* _Problem description_
Write out only the lines from the line containing "Бонусная функция —" to the end of the listing below, both included, exactly as they stand. Drop the pictures.

* _Data excerpt_

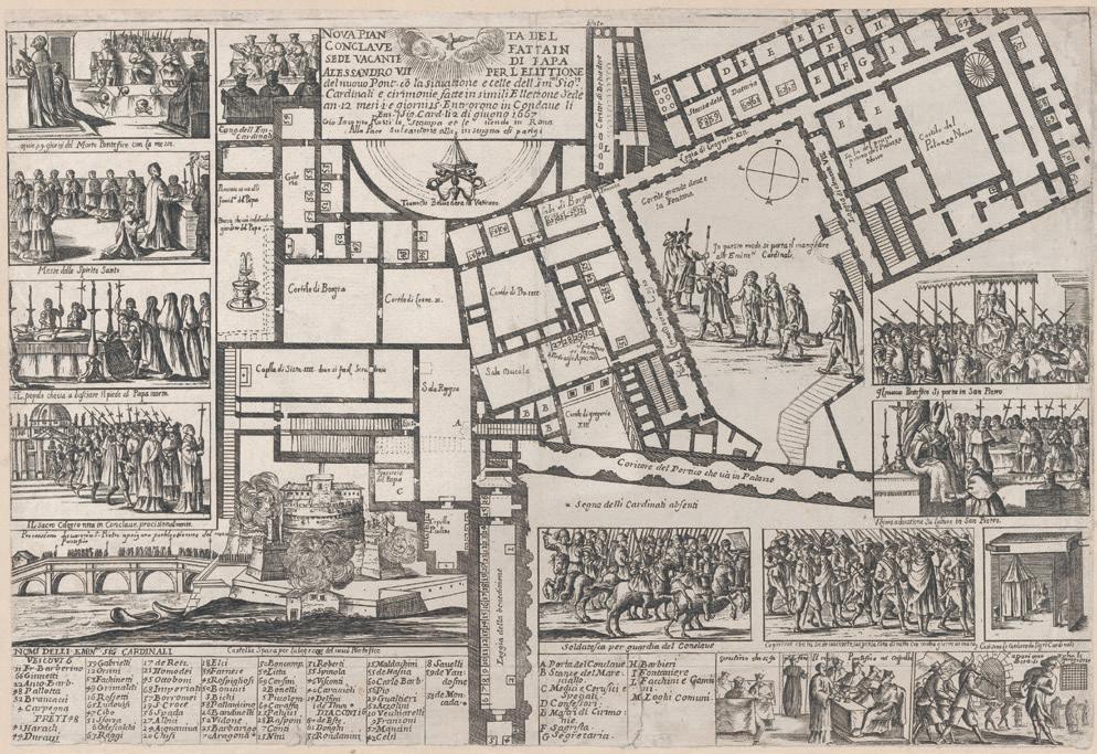 Ceremonies after the death of Alexander VII, 1667. Prayers are said, the people kiss the feet of the late pontiff, and the cardinals process from Saint Peter’s to the conclave. Salutes are fired from Castel Sant’Angelo
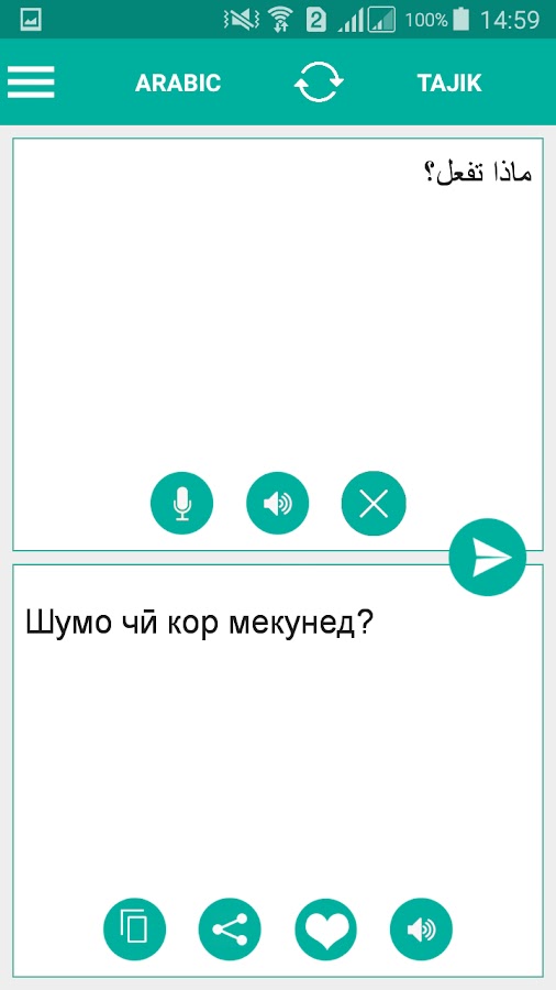 Бонусная функция — выучите и освоите произношение, поскольку таджикский арабский переводчик имеет встроенную функцию звука. Слушайте переведенный текст и общайтесь с друзьями, подругами, парнями, членами семьи или туристами.
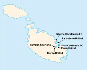 L'île de Malte étant relativement petite, les clubs évoluent tous au stade National Ta'Qali (17 400 places). Certains cependant ont leur propre enceinte qu'ils peuvent éventuellement utiliser.
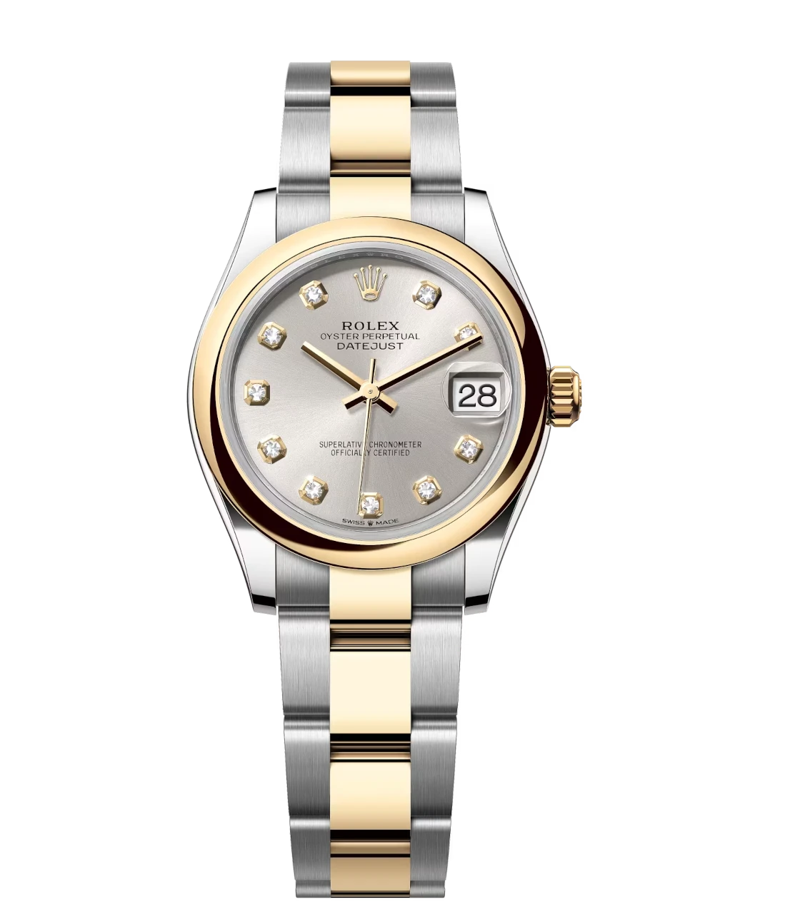 Rolex Datejust 31 Oyster Perpetual Oystersteel and yellow gold silver, diamond-set dial Oyster band Reference 278243

* _Solution below_
 Бонусная функция — выучите и освоите произношение, поскольку таджикский арабский переводчик имеет встроенную функцию звука. Слушайте переведенный текст и общайтесь с друзьями, подругами, парнями, членами семьи или туристами.
 L'île de Malte étant relativement petite, les clubs évoluent tous au stade National Ta'Qali (17 400 places). Certains cependant ont leur propre enceinte qu'ils peuvent éventuellement utiliser.
 Rolex Datejust 31 Oyster Perpetual Oystersteel and yellow gold silver, diamond-set dial Oyster band Reference 278243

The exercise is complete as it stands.